Dear senyum,
Bagaimana rasamu hari ini? Manis? Getir? Masam? Ah, apa pun
rasamu itu lebih baik dari bibir yang melengkung ke bawah.
Begini. Aku menyuratimu hari ini karena aku butuh alasan
untuk tersenyum. Salah ya? Seharusnya kamu adalah penyebab bahagia itu datang.
Begitu yang aku baca kemarin, entah di mana.
Kamu jangan gedhe rumangsa dulu. Aku sendiri berpendapat,
hanya manismu saja yang mengundang bahagia. Sementara bagianmu yang pahit malah
mengundang rasa bersalah. Dan rasa asammu bisa membuat belimbing wuluh rendah
diri.

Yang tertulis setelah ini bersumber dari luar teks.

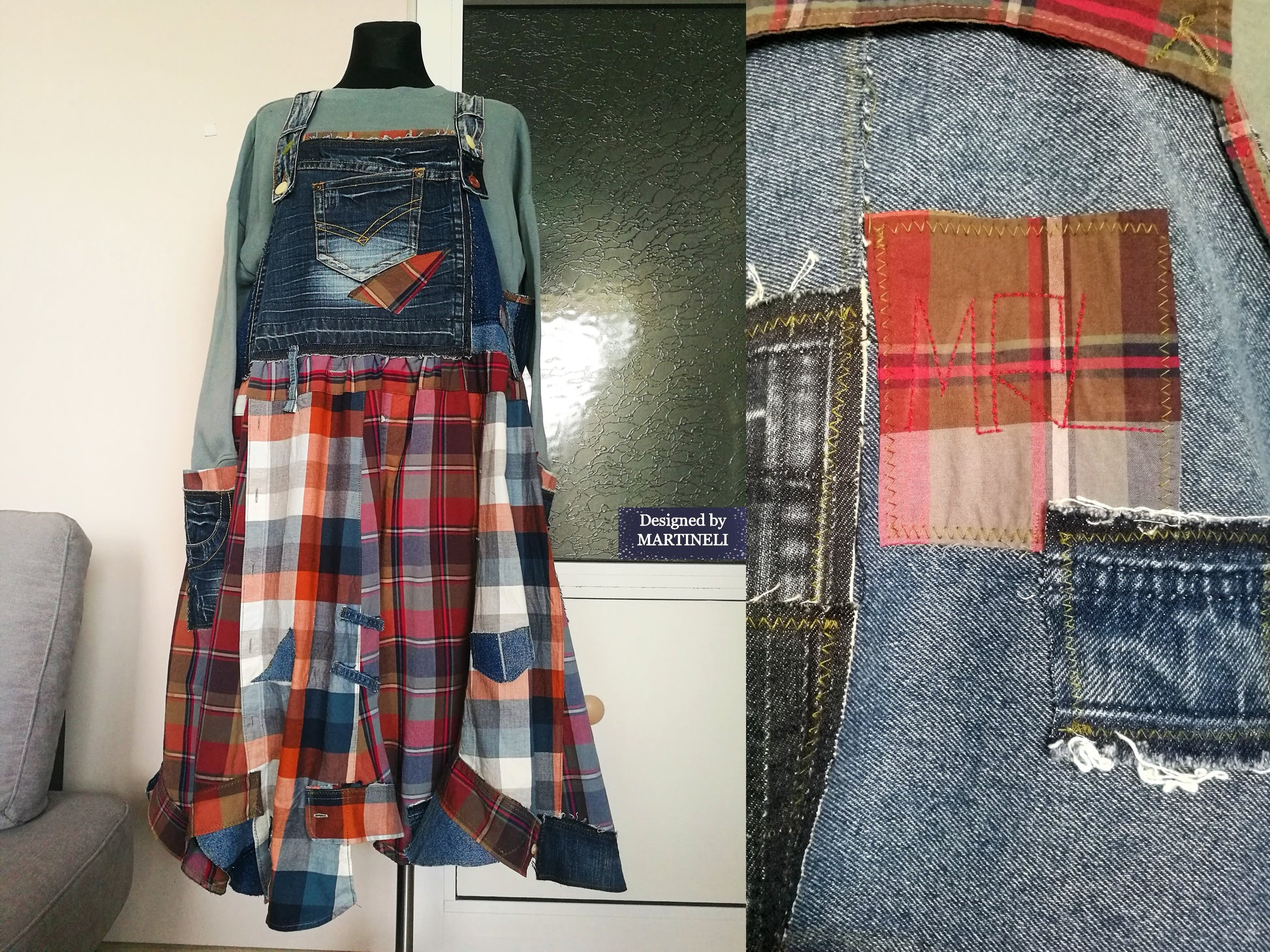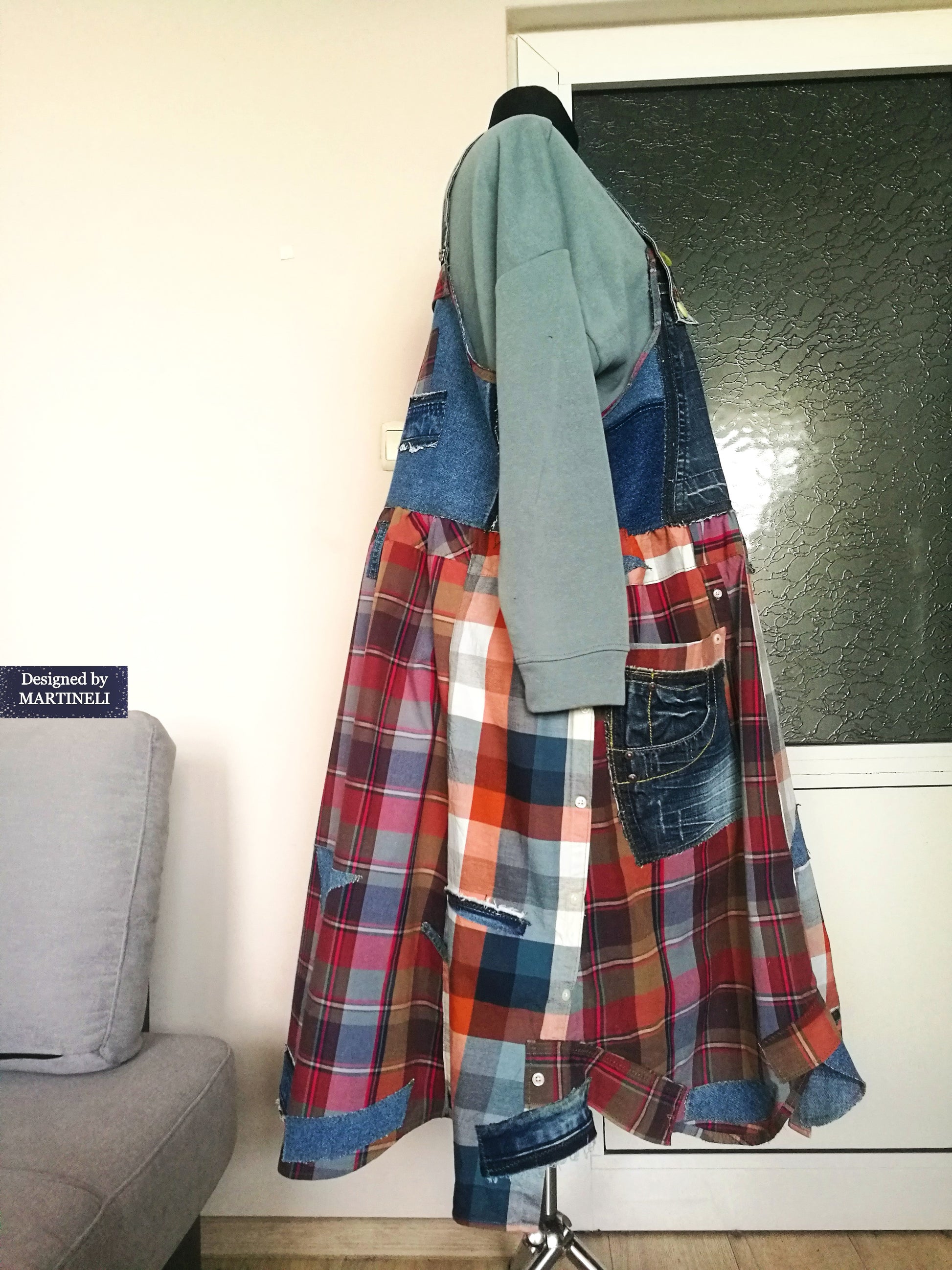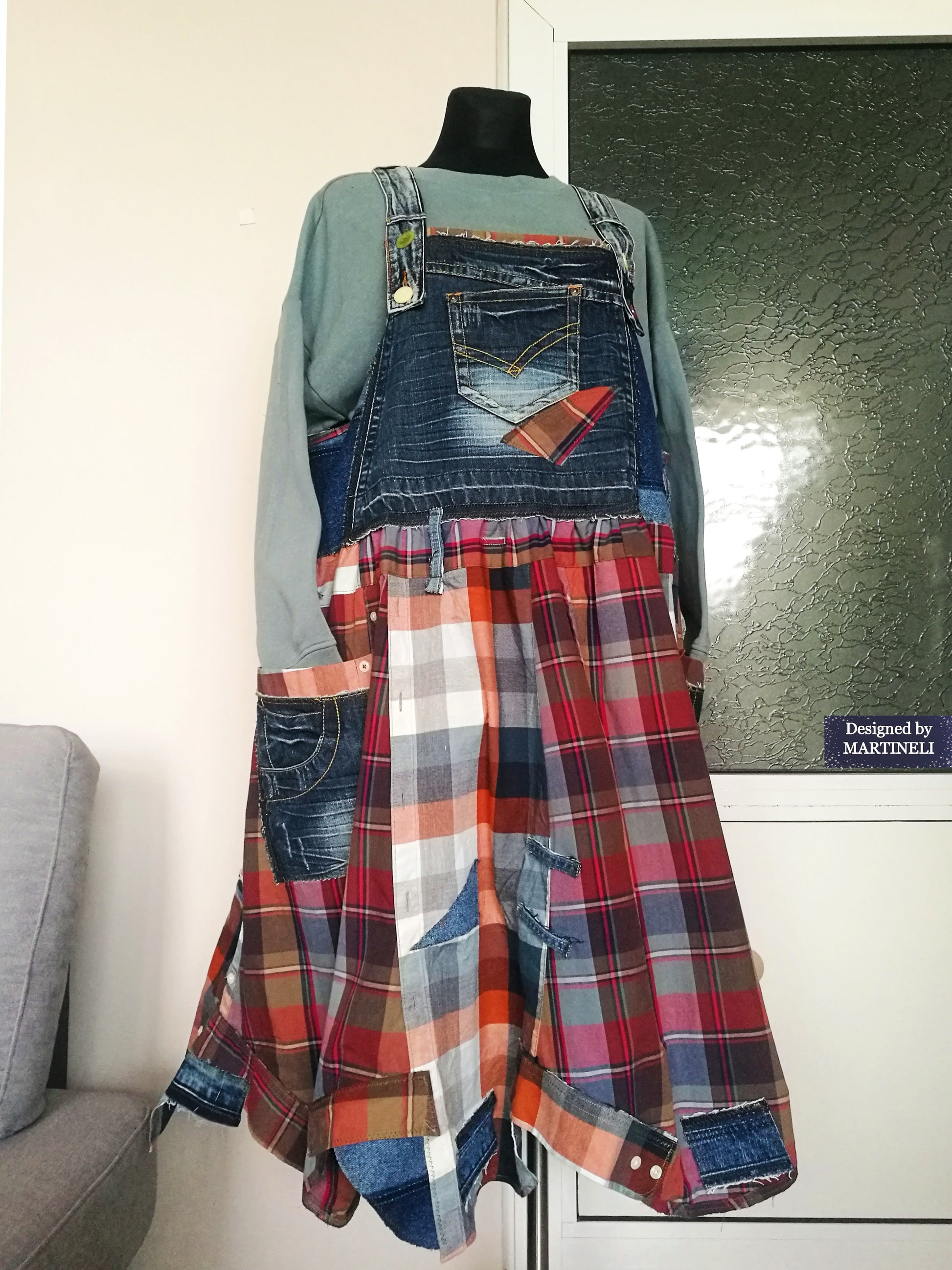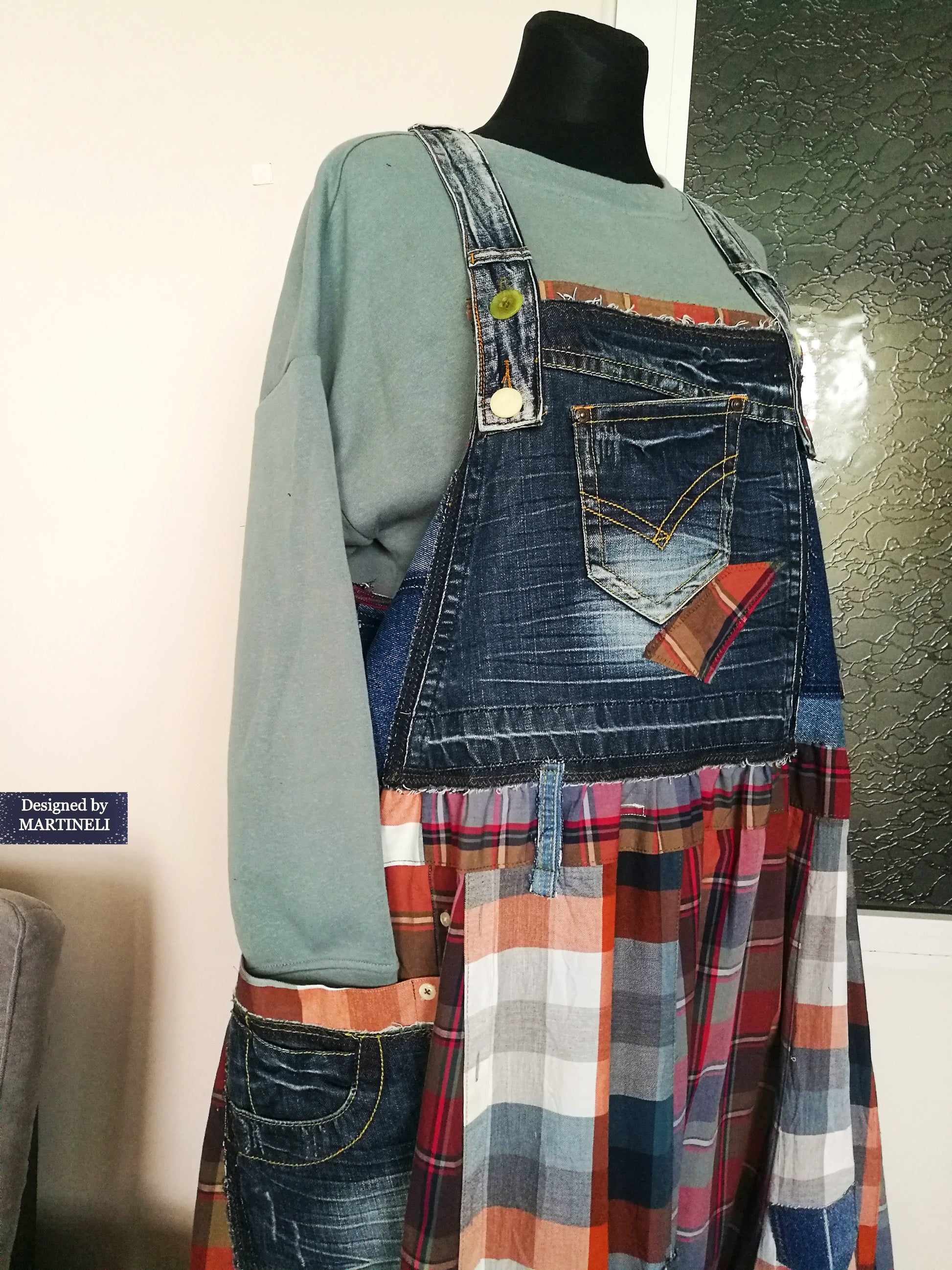 This patchwork denim jumper dress can be worn all year long - with t shirt, shirt,sweater or hoodie...

Dan untuk membuatnya enak lagi, butuh kamu yang banyak sebagai bahan
manisan. Caranya? Duh. Nanti kamu tanyakan pada orang lain saja ya? Aku tidak
pandai mengolah makanan. Jangan katakan itu pada calon suamiku nanti. Siapa pun
orangnya.
Senyum,
Kamu pernah dengar tentang “Hukum Ketertarikan”? Belum?

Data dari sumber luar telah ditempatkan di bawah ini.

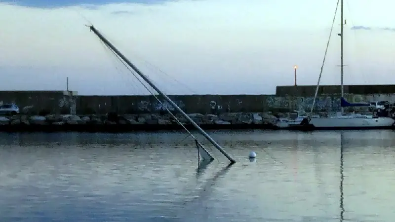 La foto ritrae la vela rimasta semi affondata nel porto (…) di Catanzaro.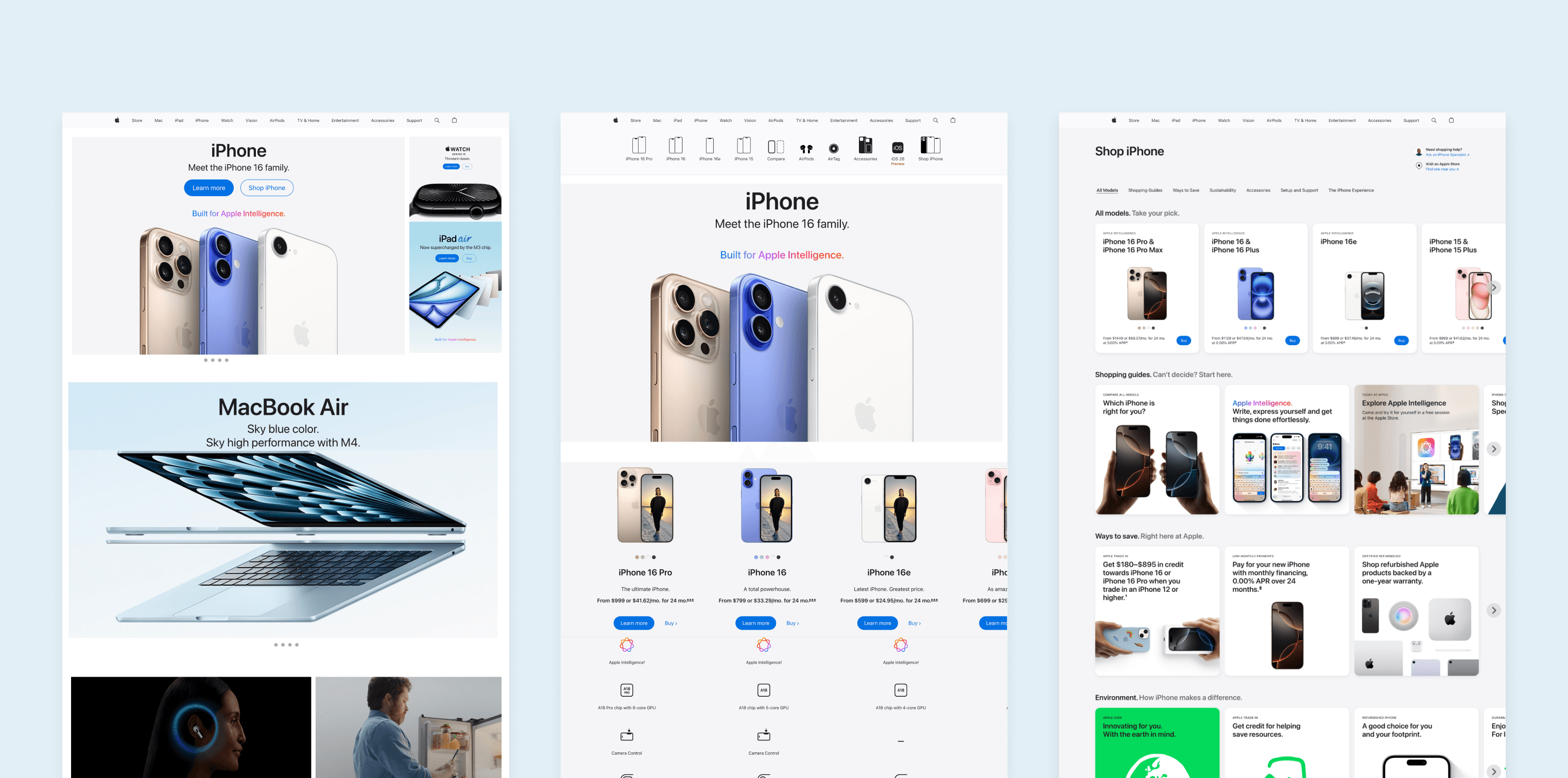 In recent years, the Apple Store has shifted toward a more immersive experience, featuring editorial stories, seasonal collections, and curated product highlights. While this evolution aligns with Apple’s luxury brand positioning, it can create challenges for users who want to quickly and easily find specific products.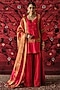 Featuring a red short kurta in silk base with dabka, sequins and cutdana hand embroidery. It is paired with silk gharara pants and a banarasi tissue dupatta. Style it with statement jewellery, block heels and an embellished clutch for festive occasions or wedding ceremonies.
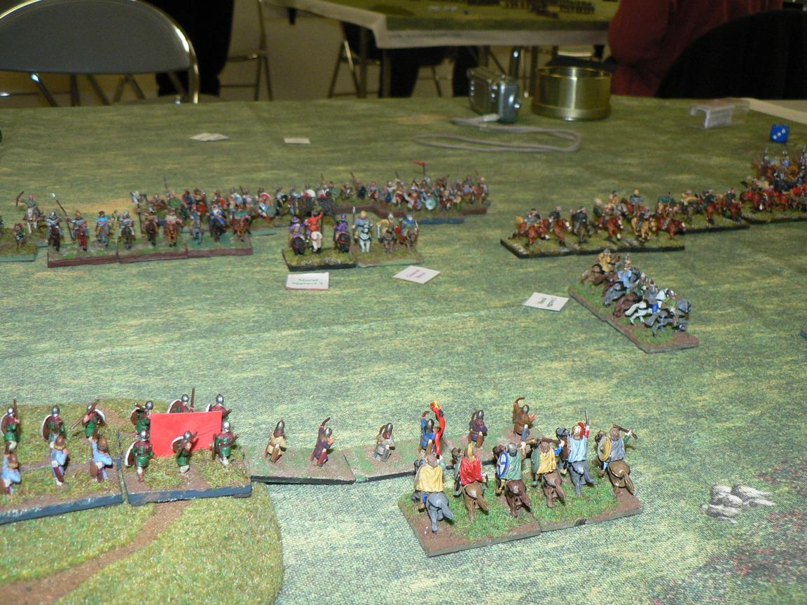 Ce samedi, Yann, un nouveau membre de la petite section historique de notre club (Les Hussards d'Isengard à Bruz pour ceux qui ne suivent pas!), venait faire une partie de DSC (De Sumer à Constantinople, règle française de jeu de figurines historiques, pour ceux qui suivent encore moins! ) et comme il découvre la règle, qu'il a commencé à peindre une armée de Huns, nous avions prévu une rencontre entre une armée romaine orientale bas empire et une l'armée d'Attila (Le Hun, pas le Hein!).

Kalau buku “The Secret” karya Rhonda Byrne sudah pernah baca? Sudah kan? Nah
iya. Jadi, menurut teori pengarangnya: Kalau kita menarik pikiran yang baik
pasti yang datang hal yang baik juga. Begitu pun sebaliknya. Dan tanpa kamu,
mana mungkin ada pikiran baik yang sudi duduk di dalam kepala untuk berbincang
menikmati secangkir kopi aroma melati? Hidup adalah cermin. Yang terbaik akan
terjadi saat kita tersenyum.
Sebenarnya, senyum, manusia banyak memiliki alasan untuk
menangis daripada tersenyum. Lebih banyak sebab untuk memalingkan muka dari
kamu, ketimbang memasang kamu di wajah kami. Termasuk wajahku. Karena pada
dasarnya manusia itu jarang bersyukur.
Lebih banyak yang gagal daripada yang berhasil.
Lebih banyak yang kesepian daripada yang hatinya hangat.
Lebih banyak yang sendiri daripada yang berdua.
Lebih banyak yang tidak punya daripada yang berkelimpahan.
Kamu tentu paham betul tentang hal ini. Ada koran, ada
berita di televisi, ada Twitter. Ah. Twitter. Saksi bisu yang bersuara tentang
betapa sukarnya bersyukur.
Dear senyum,
Aku mau minta tolong: Ingatkan aku selalu padamu setiap kali
aku ingin menangis. Boleh? Aku mau mendatangkan hal-hal yang baik dalam
hidupku, bahkan yang belum pernah aku pikirkan sebelumnya. Kamu adalah asisten
semesta. Tolong bantu dia untuk membantu aku. Terima kasih sebelumnya.
Sudah dulu ya, senyum. Ini aku sudah seperti gila tersenyum
terus dari tadi karena kamu. Haha. Tapi lebih baik dianggap gila sih, daripada
terlihat waras tapi hancur di dalam?
Oh ya. Kamu boleh datang kapan saja. Saat aku bicara, saat
aku mengunyah makanan, saat aku dikritik dan dicerca, bahkan saat aku tidur.
The ultimate privilege is yours, senyum. Bibirku siap menerimamu kapan saja.
Haha. Koq jadi terdengar ambigu ya kalimat tadi? :D
Aku sayang kamu. Tolong terus ganggu aku.